Negative thinking can have a huge effect on how we react to certain situations. It can cause unnecessary stress and anxiety that could lead to a full-blown panic attack. Negative thoughts can cause chaos, deep sorrow, regret and shame in some situations.
Negative Thinking – here is a fictional relationship type scenario!
Julie and her boyfriend Luke have been together for eight years and have been living together for the past three. They have a very loving, happy relationship and enjoy a nice lifestyle. Julie can sometimes be a bit possessive where Luke is concerned but this has never caused any big issues between them.
Julie has been asked by her boss to go out and buy some groceries for the office. She has just entered the high street when she sees Luke with another woman going into a coffee shop. They are laughing and chatting.
Julie’s first thoughts are, ‘He’s cheating on me, after all, this time we’ve been together, how could he!’
She starts to feel sick and feels her hands and legs begin to tremble. Her mind blanks completely for a few minutes and then she becomes extremely angry. At this point in time, Julie is unable to think rationally and is certainly out of control. Her one thought of Luke ‘cheating‘ was the trigger to her mental and physical feelings that lead to her forthcoming aggressive behavior.
This is how Julie finally reacted because of her negative thinking…
Julie seething with anger storms into the coffee shop asking them both in a very loud voice what they thought they were up to! Luke was totally surprised to see her and certainly taken aback by her aggressive approach, he tried to calm her down by introducing his friend but Julie was not listening to him. In the end, the lady left embarrassed that people were looking at them. Luke ushered Julie outside totally mortified and shocked by her over the top aggressive behavior. An argument ensued on the street with Julie ending up in floods of tears and Luke storming off now really angry himself. On returning to work everyone in the office could see Julie was upset and had been crying. Julie did not speak to any of her colleagues for the rest of the day and this caused Chinese whispers around the office.
This was the true situation…
Luke was on his way to the bank when he bumped into one of his old university friends from five years ago. The lady is now married and has just moved into the town because of her husband’s new job. Luke had simply asked her if she had time for a quick catch up over a coffee. He was just about to ask the lady if she and her husband would like to meet up with him and Julie for drinks sometime when Julie aggressively confronted them.
Julie could have thought differently…
I wonder who that is, perhaps a work colleague? He’s bound to tell me later if he doesn’t I’ll ask him. We have a strong, loving relationship, I don’t think he would cheat on me, he is not that type he’s too honest about everything. Although it has me thinking, I’m going to wait and see if he tells me, rather than me ask him. Julie felt a bit concerned, she found it hard to concentrate on things at work but kept herself quiet and got on with her day. There was no embarrassment, no argument, no one at work was any the wiser and no angry confrontation later when she went home to Luke.

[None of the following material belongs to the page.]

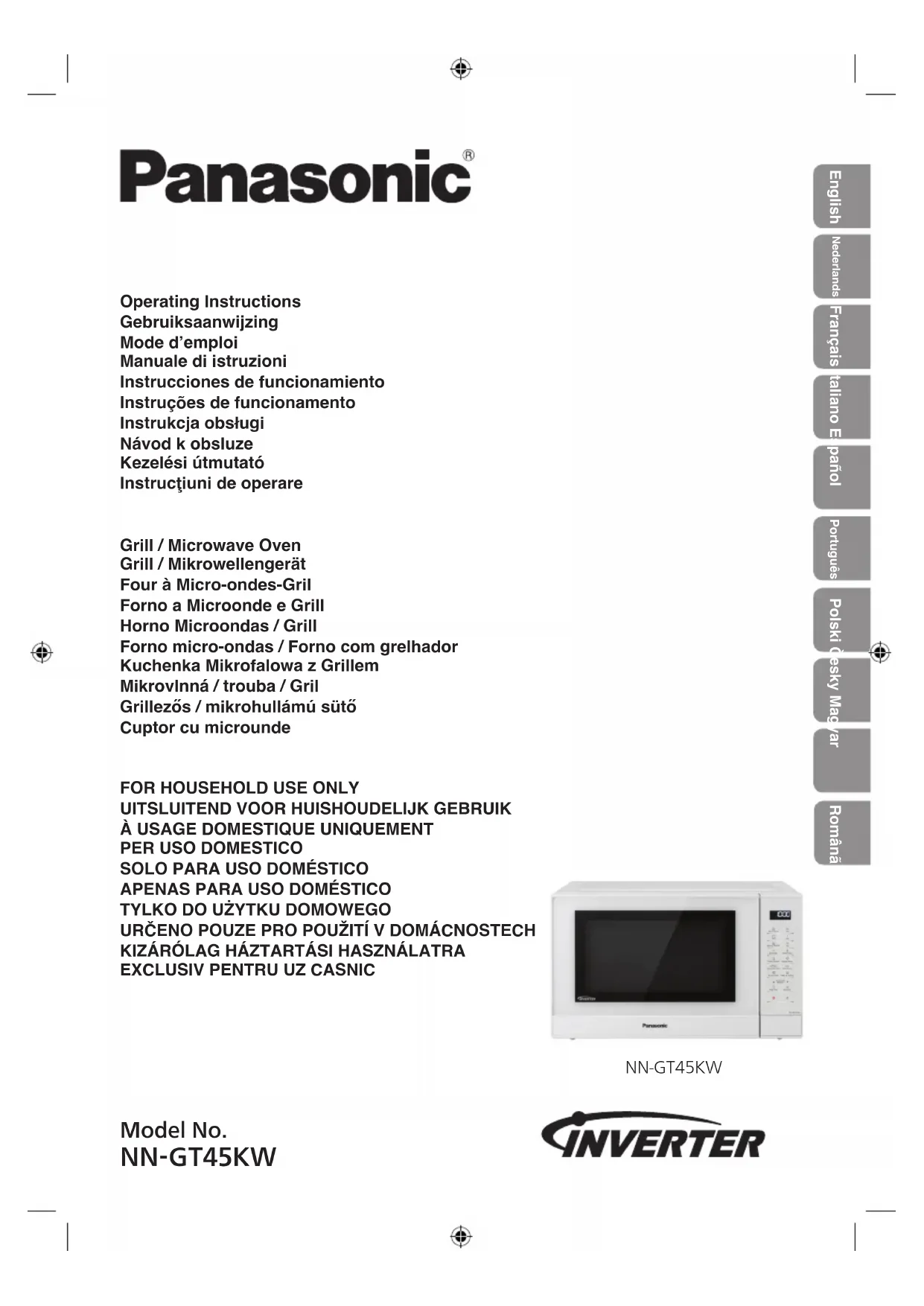 - NN-GT45KW English Nederlands Français Italiano Español Português Polski Česky Magyar RomânãIMPORTANT SAFETY INSTRUCTIONS. Before operating this oven, please read these instructions carefully and keep for future reference. BELANGRIJKE VEILIGHEIDSINSTRUCTIES. Alvorens u deze microgolfoven gebruikt, raden wij u ten zeerste aan deze gebruiksaanwijzing door te lezen en bij te houden voor eventueel toekomstig gebruik. INSTRUCTIONS DE SÛRETÉ IMPORTANTES. Avant d’utiliser le four à micro- ondes, lisez attentivement les recommandations d’utilisation et conservez-les soigneusement. ISTRUZIONI IMPORTANTI PER LA SICUREZZA. Prima di utilizzare il forno, leg- gere con attenzione questo manuale e conservarlo per future consultazioni. INSTRUCCIONES SOBRE SEGURIDAD IMPORTANTES. Antes de comenzar a utilizar su horno microondas, lea cuidadosamente las siguientes instrucciones y guardelas para futuras cuestiones. IMPORTANTES INSTRUÇÕES DE SEGURANÇA. Antes de utilizar este forno, leia atentamente as instruções e guarde-as para consulta futura. WAŻNE INSTRUKCJE BEZPIECZEŃSTWA. Przed włączeniem kuchenki prosimy o dokładne przeczytanie instrukcji obsługi i o zachowanie jej na przyszłość. DŮLEŽITÉ POKYNY K BEZPEČNOSTI. Pečlivě si je prosím přečtěte a uložte pro pozdější použití. INSTRUCŢIUNI DE SIGURANŢĂ IMPORTANTE: Înainte de utilizarea a aces- tui cuptor, vă rugăm să citiţi cu atenţie aceste instrucţiuni şi să le păstraţi pentru referinţe ulterioare. INSTRUCŢIUNI DE SIGURANŢĂ IMPORTANTE: Înainte de utilizarea a aces- tui cuptor, vă rugăm să citiţi cu atenţie aceste instrucţiuni şi să le păstraţi pentru referinţe ulterioare.1 FR Français Merci d’avoir fait l’achat d’un four micro-ondes Panasonic Sommaire Consignes de Sécurité p. 2

Or Julie could have if, she had stopped to think rationally and stayed in control…
Gone into the cafe, smiled and said, “I just caught sight of you when coming out of the shop. I waved but you didn’t see me.”
Luke would have then have introduced his friend and why they were in the cafe etc. Julie’s mind would have been put to rest because there simply was no situation.
If Julie had not immediately put two and two together and come up with five, she would still have her loving relationship intact. She would not have embarrassed herself, Luke or his friend. There would have been no gossip-mongering at her workplace and, she still had to face Luke later that day. The worst outcome is that Julie’s relationship with Luke could be in serious jeopardy simply because of a negative thought.
This may seem a little elaborate but situations like this can happen.
1- Stop and step back. Don’t act immediately!
2 – Pause.
3 – Take a breath, and notice your breath as you breathe slowly in through your nose and slowly out through your mouth.
4 – Observe! What am I thinking and feeling?
5 – Is this fact or opinion?
6 – Pull back – put in some perspective!
7 – See the situation as an outside observer.
8 – Is there another way of looking at it?
9 – Practice what works!
10 – Do what works and what helps.
11 – Will It be effective and appropriate?
Not every one of these suggestions will be utilized, it all depends on the situation, event or thought.
When we think about things differently, it allows issues to be seen through a clearer window and will change our reaction to dealing and coping with it. Remember stop, breathe then think rationally!